• _WHAT YOU ARE ASKED TO DO_: Repeat every line of the listing below exactly, minus the pictures.

DATA below:

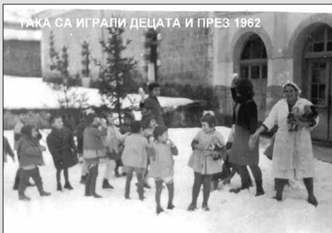
ТАКА СА ИГРАЛИ ДЕЦАТА И ПРЕЗ 1962
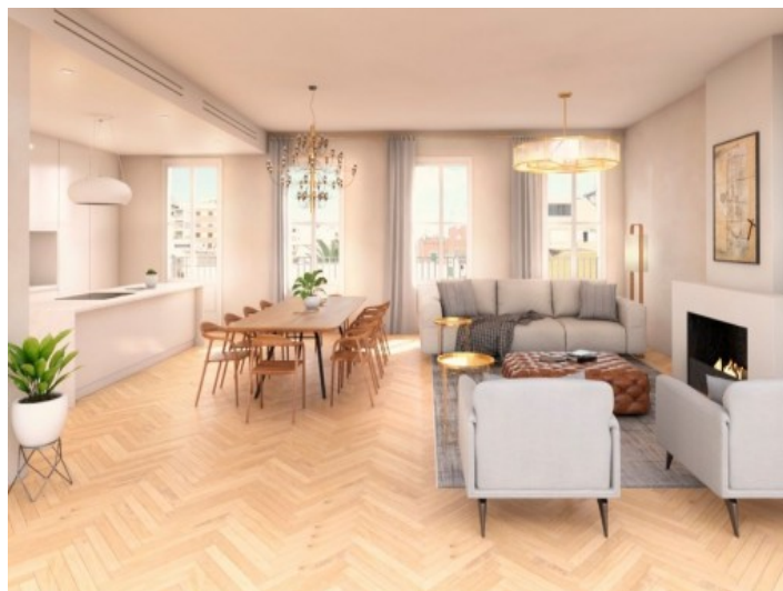
Eleganter Wohn- und Essbereich mit offener Küche
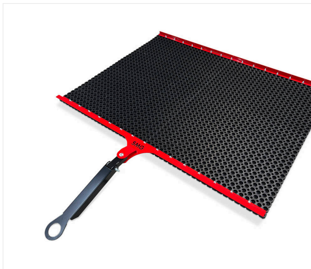
Alfombra de goma

End of DATA.

• _ANSWER BOX_:
ТАКА СА ИГРАЛИ ДЕЦАТА И ПРЕЗ 1962
Eleganter Wohn- und Essbereich mit offener Küche
Alfombra de goma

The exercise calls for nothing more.